> **What you are asked to do**:
All the lines below should appear again unchanged, though their pictures should not.

> **Dataset extract**:
◆ ◆ ◆ ◆ ◆ ◆ ◆

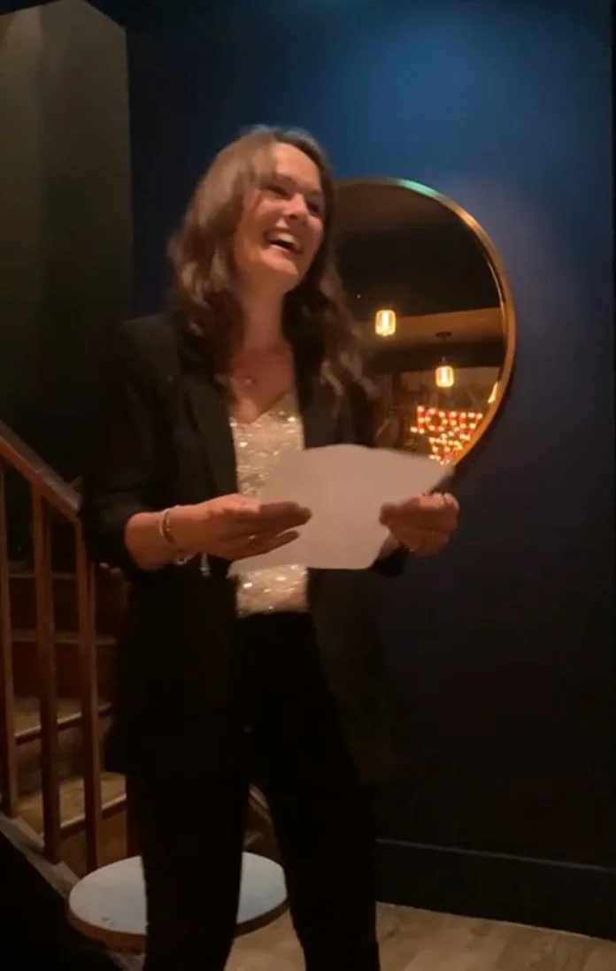 Rachel Norrington sharing her poem for the first time at an open mic poetry evening
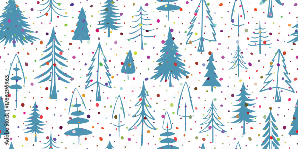Seamless pattern of trees and confetti, winter holiday background, Christmas and New Year, vector design #1766296963
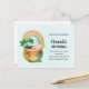 Birthday invitation with an adorable illustration featuring a smiling green and gold pot with a cute rainbow,

◆ ◆ ◆ ◆ ◆ ◆ ◆

> **Solution to this task**:
 Rachel Norrington sharing her poem for the first time at an open mic poetry evening
Seamless pattern of trees and confetti, winter holiday background, Christmas and New Year, vector design #1766296963
 Birthday invitation with an adorable illustration featuring a smiling green and gold pot with a cute rainbow,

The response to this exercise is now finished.